I'm building a horizontal sliding rig that will move a animatronic from the back of the room toward the spectator. The idea is to use a scissor mechanism horizontally and on a track to create the creepy sliding motion of 8 to 10 feet. 

The problem is, the prop that will be sliding has an air line and a electrical line attached to her (electric for the eyes and audio and air line for pneumatics within). 

How do I make sure 8 to 10 feet of "wiring" does not get caught up or tangled when the rig slides forward and then retracts?


----------



## Bascombe (May 18, 2010)

can you use DC and have it all self contained?


----------



## smoker360 (Mar 29, 2009)

bascombe said:


> can you use dc and have it all self contained?


dc?


----------



## hedg12 (Jul 6, 2008)

You could use e-chain, but it's kind of pricey. A less expensive alternative would be to use flexible conduit. Fasten it to the ground or base of the track (where it won't get caught in the works) at the middle of the props travel, & train it so that it won't get hung up when the prop extends and retracts.


----------



## bfjou812 (Aug 15, 2008)

You could try to fasten it to the center pivots of the scissor mechanism.


----------



## Wildcat (Nov 3, 2007)

I'm not sure how large the animatronic is but you could use a self retracting air hose reel.
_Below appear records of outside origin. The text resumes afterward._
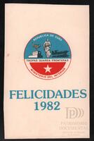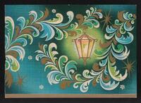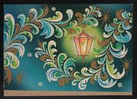 Tarjeta Postal de felicitación por el año nuevo con dibujo de un farol encendido. En la parte trasera se aprecian las palabras de felicitación en idioma español y el año de 1983 escrito a tinta.
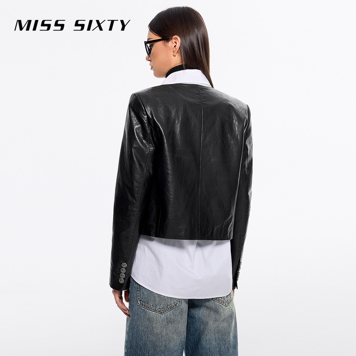 Miss Sixty皮衣真皮外套女复古美式机车圆领单排扣牛皮革高级夹克
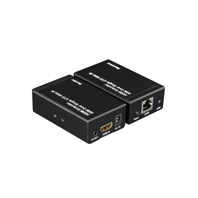 Med NÖRDIC SGM-124 HDMI Förlängare kan du utöka HDMI ljud / videosignal med upp till 60 meter över en enda CAT6-kabel. SGM-124 innehåller både den lokala sändaren och fjärrmottagarenheterna, perfekta för punkt-till-punkt digitala skyltapplikationer som kräver HDMI video av hög kvalitet. Det fungerar också för att utöka IR-signaler från fjärrkontroller, idealiskt för att styra din videokälla från din videodestination. För perfekt prestanda har förlängaren en återställningsfunktion (reset) på mottagaren, vilket gör det möjligt för användaren att justera signalen så att den bäst matchar kabellängden. SGM-124 drivs av ett par medföljande DC5V nätadapter.

Then attach all other wires to the air line itself. This would allow it to safely retract all the lines. The down side is the retracting reel is about 2' in diameter.


----------



## Lunatic (Oct 3, 2006)

smoker360 said:


> dc?


DC current instead of AC. Portable and safer to use.


----------



## smoker360 (Mar 29, 2009)

Thanks for the ideas guys. I appreciate it.
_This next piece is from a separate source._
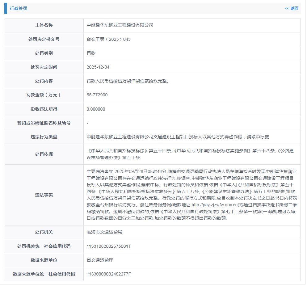 核心事件 - 中能建华东润业工程建设有限公司因在交通建设工程项目投标中弄虚作假、骗取中标,被处以罚款人民币55.7729万元 [1][2] - 违法行为发生时间为2025年09月28日,处罚决定时间为2025年12月04日,处罚机关为临海市交通运输局 [1][2] - 处罚依据包括《中华人民共和国招标投标法》第五十四条、《中华人民共和国招标投标法实施条例》第六十八条及《公路建设市场管理办法》第五十条 [1][2] 公司背景 - 公司前身为浙江润业建设有限公司,创建于2006年,于2020年9月被中国能源建设集团华东建设投资有限公司收购90%股权,成为其控股子公司 [3] - 公司注册资本为11111万元 [2] - 公司定位为专业从事非电基础设施建设的工程公司,主营业务涵盖公路、市政、桥梁隧道及港航等领域的市场开发、工程建设和运营维护 [3] - 公司承担着华东建投在融资建设项目管理、非电业务拓展、非电人才培养及深化改革探索等方面的重要功能 [3]

Lunatic and Bascombe: All power currently used is 12VDC. I thought about using batteries but I would still need to run an airline to the prop.

Thinking about trying a Air Compressor line that coils-up very tight and that does not have a "memory effect". The cheap airlines coil nicely at first but after stretching them a few times they lose their coil. A friend mentioned that I could find a "no memory" airline that returns perfectly every time, so I'm on the lookout for one now.
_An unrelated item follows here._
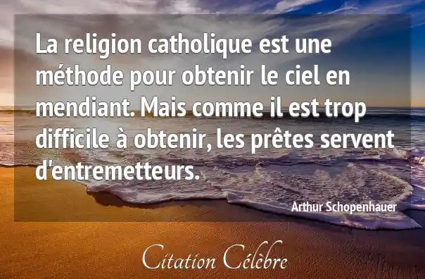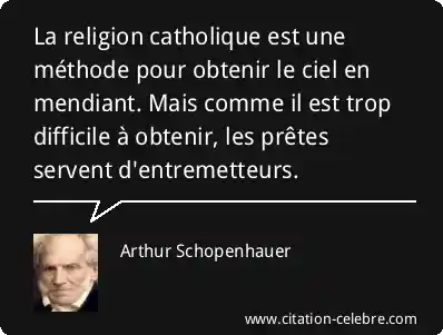 La religion catholique est une méthode pour obtenir le ciel en mendiant. Mais comme il est trop difficile à obtenir, les prêtes servent d'entremetteurs.

In the mean time, I will experiment with mounting on the center points of the scissor mech and the self retracting hose reel. I'll let you know how it works.

Good ideas guys. Keep them coming!

Here are a couple pics of the animatronic...








[/URL][/TD][/TR][TR][TD]From Halloween 2009[/TD][/TR][/TABLE][/IMG]








[/URL][/TD][/TR][TR][TD]From Halloween 2009[/TD][/TR][/TABLE][/IMG]


----------



## smoker360 (Mar 29, 2009)

Sorry about the pics. Try that again...


----------



## smoker360 (Mar 29, 2009)

https://picasaweb.google.com/lh/photo/m5W8AV3Sbl5Do_Hy6woU-g?feat=directlink

https://picasaweb.google.com/lh/photo/km-WFJ5mmLsvpiQdAckVeg?feat=directlink


----------



## niblique71 (Dec 2, 2009)

As mentioned earlier, I would use the coil type air hose used by professional mechanics that would normally hang from the ceiling of a shop. Depending on the "throw" of your scissor mechanism you could attach the coil to the center pivot points of your scissor at every coil, or every other coil, or even every 3rd coil of the air hose. This would keep the stretch even across the hose as it extends with the prop. You could tape your wire to this hose (Coiled with the air hose). If done right, you should be able to avoid chafing on both. I would test and adjust everything without air or power (by hand) before you snug everything down.

To attach the hose to these points you could choose longer pivot bolts. After adjusting the scissor mechanism for "freeness" add an extra nut to the bolts with an automotive wire clamp to hold the hose and wire. EDIT: Dont be afraid to experiment with mounting the hose and wire on the scissor bars and Not the pivot points. The Pivot points might rotate in an unexpected way causing a potential bind.

The coils of the air hose should help reduce flexing stress on the electric wire and help keep everything away from any pinch points.


----------



## smoker360 (Mar 29, 2009)

Thanks niblique71. 

I think that utilizing coiling air hose is the way to go also and I like your thoughts on the connection points. Now, on to the testing and working out the kinks...


----------